* Exercise data *
%%

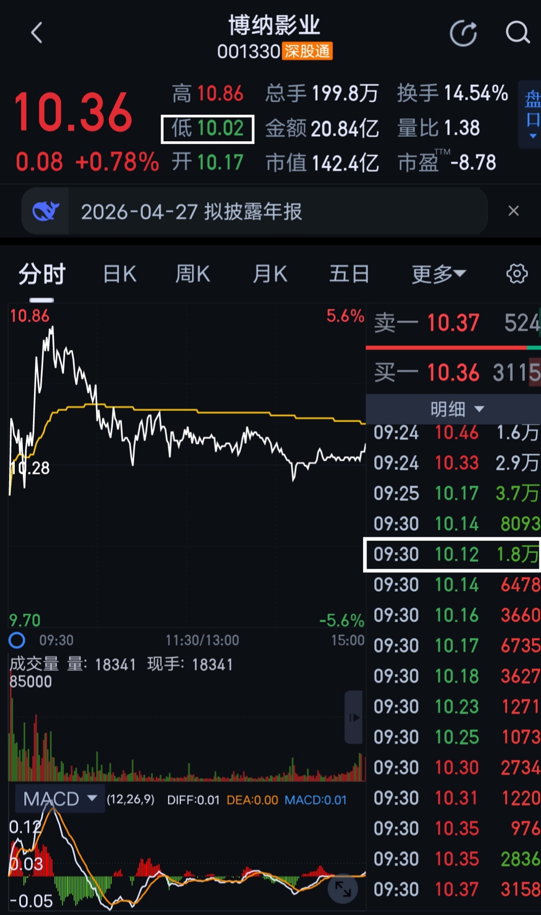 $博纳影业(SZ001330)$ 今天10.02什么意思,是不是有人10.02买没人10.02买?就是10.02卖的10.12最低成交了
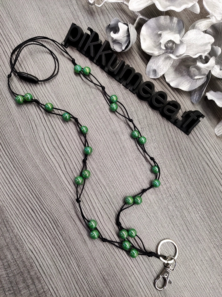 Avainkaulanauha akryylihelmillä 90cm (havu)
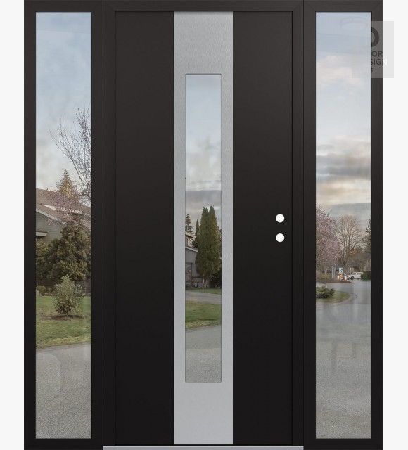 Modern Steel Front Door DIAMOND A1 60" X 80" BLACK/BLACK CLEAR GLASS PANEL STAINLESS STEEL RHI WITH 2 SIDELITES CLEAR GLASS
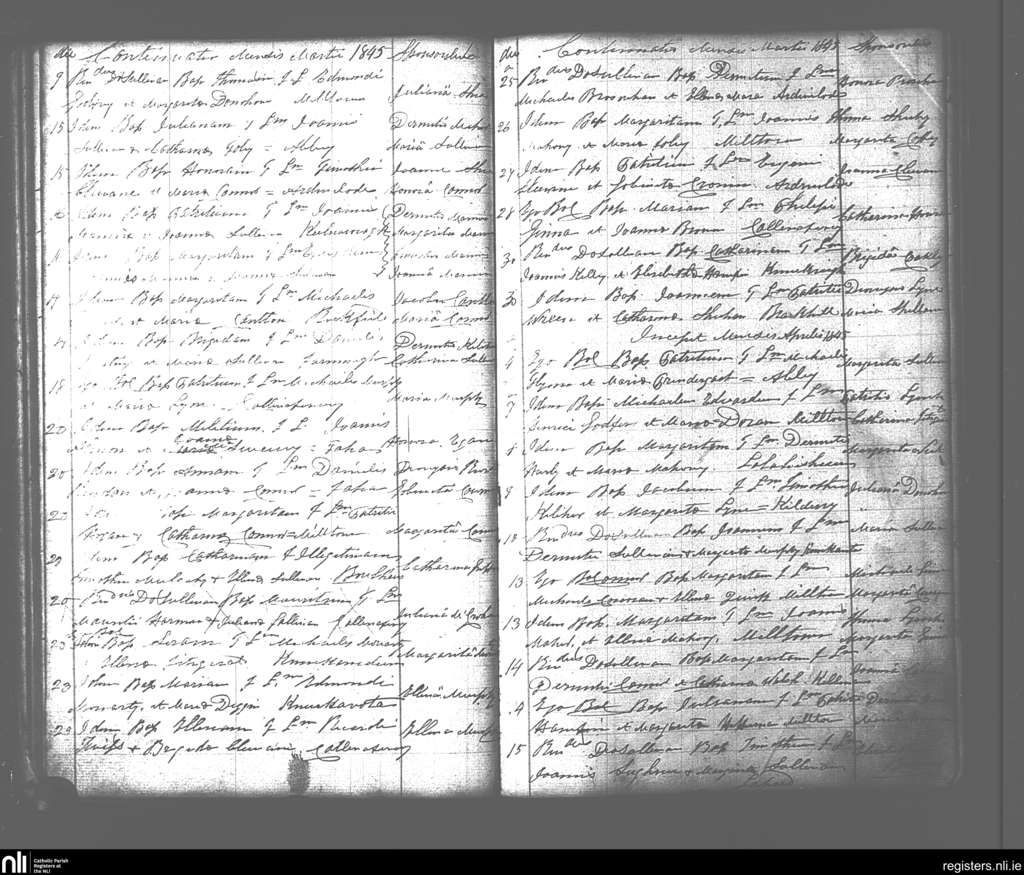 Milltown; County of Kerry; Diocese of Kerry. Baptisms, Mar. 1845 to Apr. 1845
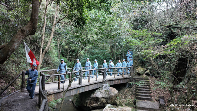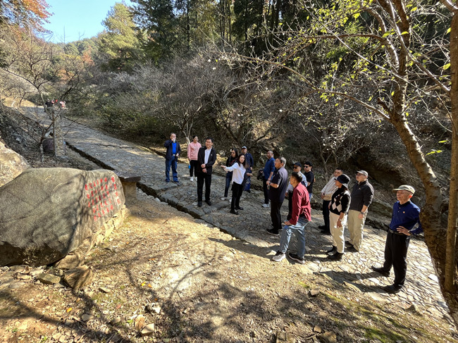 沿著崎嶇的道路,黨員干部們隨后來到了梅關(guān)古道。這里被稱為“嶺南第一關(guān)”,是一條用碎石砌成的千年古道。當(dāng)年,開國元勛陳毅帶領(lǐng)部隊轉(zhuǎn)戰(zhàn)梅嶺一帶,進(jìn)行了艱苦卓絕的三年游擊戰(zhàn)爭,留下了光輝的足跡,在臨危之際寫下了壯志凌云的《梅嶺三章》革命詩。黨員干部們認(rèn)真聆聽了帶隊老師的講解,深刻感受到革命先輩為中華民族崛起所做的不懈努力和豐功偉績。
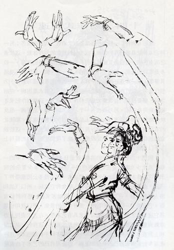画舞蹈人物时,人物的脖子不要画得太硬,重心不要画得太稳,这样动的感觉会强一点。画舞的线条,一般用得比较舒畅’不要画得拘谨板结,使人感到舞不起来。附图十三这幅《飞天舞》局部,以及手的动作速写,带有很多默写和记忆的性质。
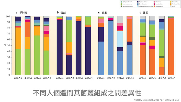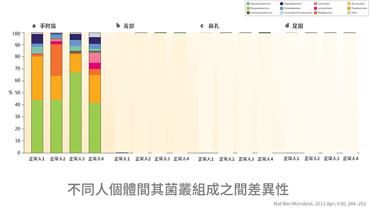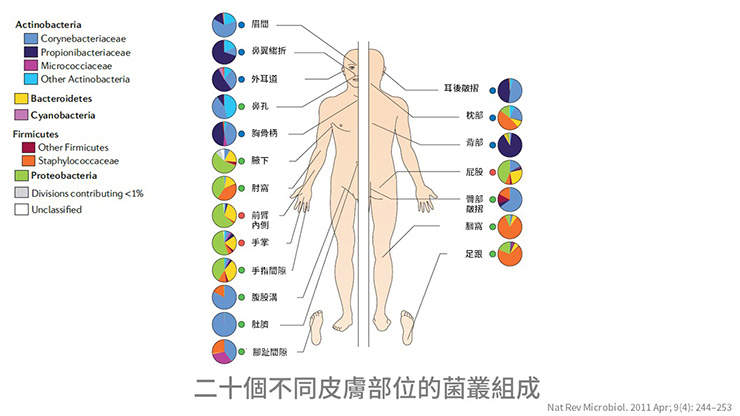 2007年美國人體基因體計畫,調查242個正常健康人的菌叢,皮膚部分總共分析20個部位,結果發現每個部位皮膚菌叢組成皆不太相同。
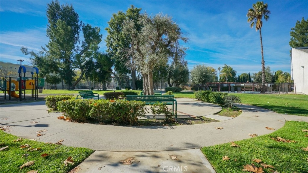 FHA APPROVED Welcome Home to this beautiful top-floor, corner-unit condo in the gated Park Reseda complex. This home offers 2 bedrooms and 1.5 bathrooms, a spacious primary suite, and a walk-in closet. Great location within the complex; away from Reseda and only one common wall. The elevator is very convenient, with easy access to the laundry room and underground parking (2 tandem spaces). Nice size patio off the dining area which offers natural light and views of the north valley mountains. The Complex offers a park, kid play area, tennis court, basketball court, clubhouse, Trash, and water included. Low HOA of $380. This is perfect for first-time buyers! Why rent, when you can buy?
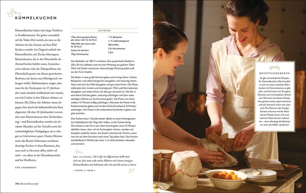 Ergänzt wird das Buch durch exklusive Hintergrundinformationen, faszinierende Fakten zur Serie, zahlreiche Set-Fotos und Beiträge der renommierten Food-Historikerin Annie Gray. Ob Sie ein festliches Dinner wie Lord Grantham planen oder einfach das Besondere suchen: Dieses Kochbuch ist ein Muss für jeden Downton-Abbey-Fan und bringt britische Genusskultur und Serienfeeling in Ihre Küche!
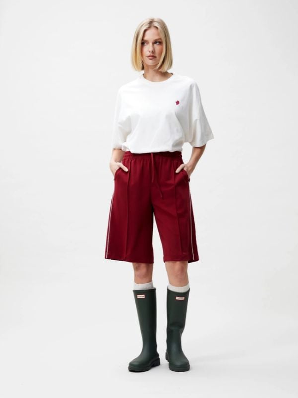 Wij kwamen deze parel van bermuda tegen bij Catwalk Junkie. Het is een tracksuit-modelletje met een streep aan de zijkant. Deze sporty bermuda laat zien dat comfy en stijlvol heel goed samen kan op een festival. Bekijk de broek hieronder:
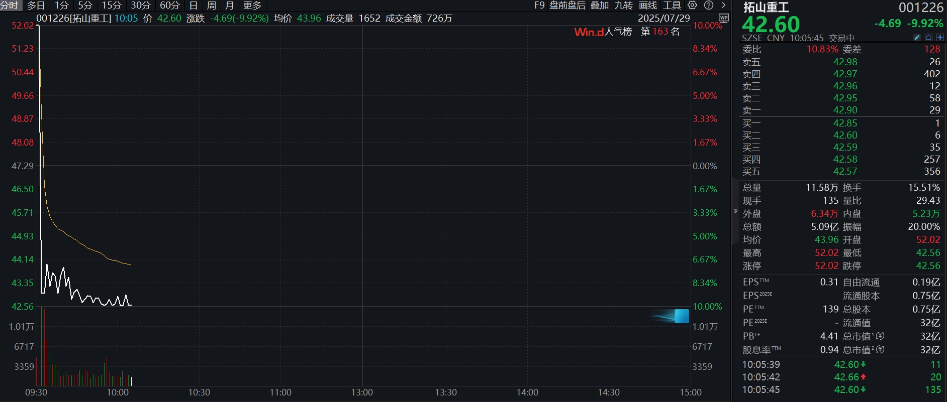 7月29日,拓山重工开盘一度涨停,走出5连板。盘初该股突然直线跳水,触及跌停,上演“天地板”走势。
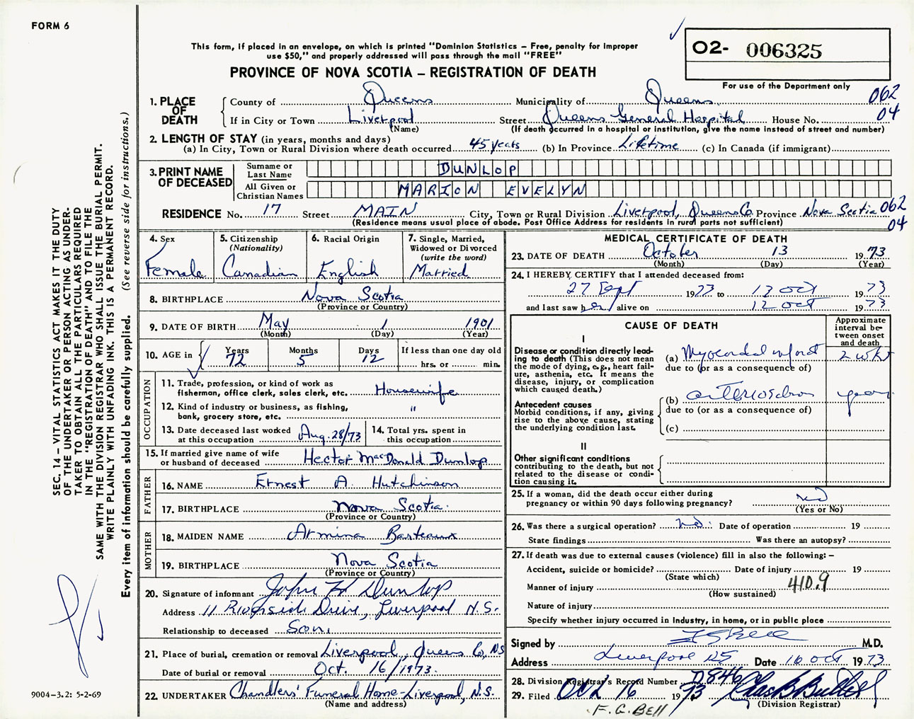 Female Death Registration: Year: 1973 number: 6325
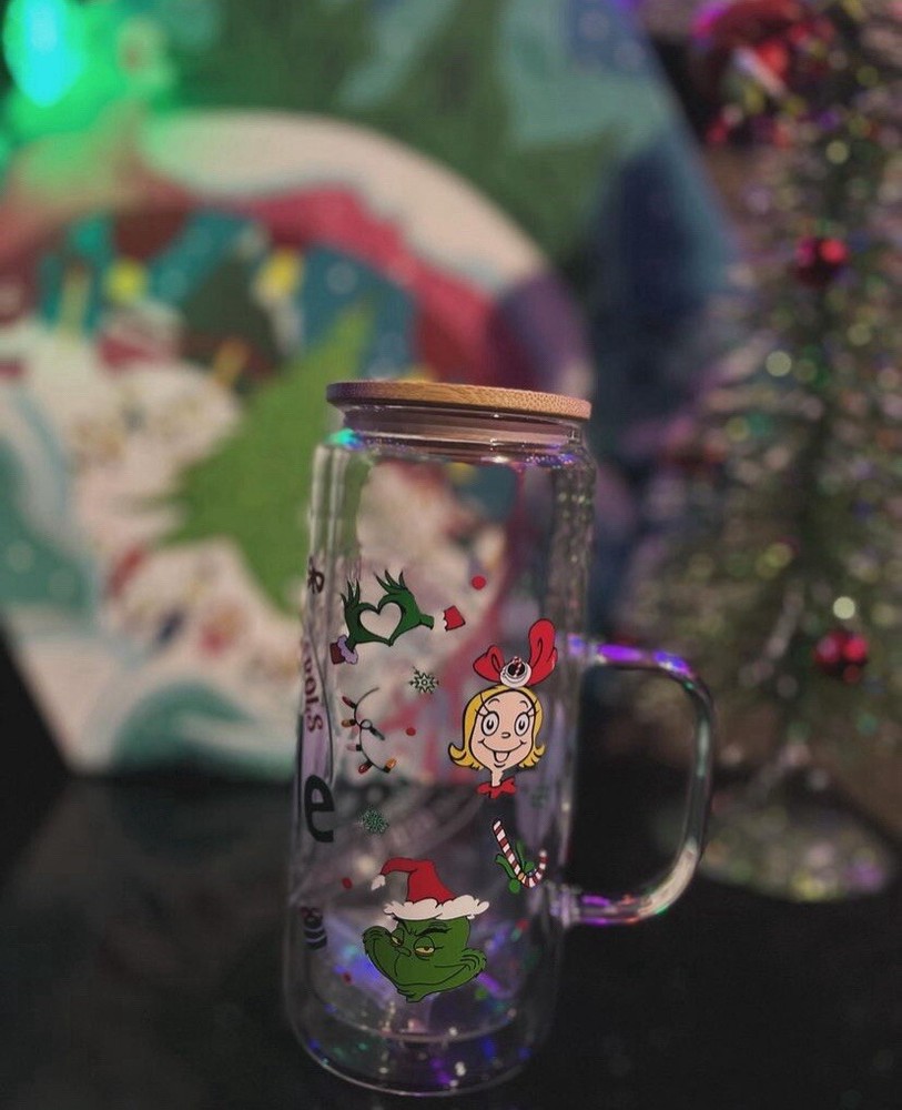 Glassware Type: Drinking Glass Character Family: Dr. Seuss Theme: Christmas, Holiday/Christmas Set Includes: Straw Material: Glass Type: Cup Occasion: Christmas Features: With Lid, With Straw, Decorated Personalize: No Color: Green Brand: grinch

%%

* Action item *
Each line from the one containing "Female Death Registration: Year: 1973" through the last line of the entries above is to be extracted exactly. Pictures are not part of the copy.

* Output *
 Female Death Registration: Year: 1973 number: 6325
 Glassware Type: Drinking Glass Character Family: Dr. Seuss Theme: Christmas, Holiday/Christmas Set Includes: Straw Material: Glass Type: Cup Occasion: Christmas Features: With Lid, With Straw, Decorated Personalize: No Color: Green Brand: grinch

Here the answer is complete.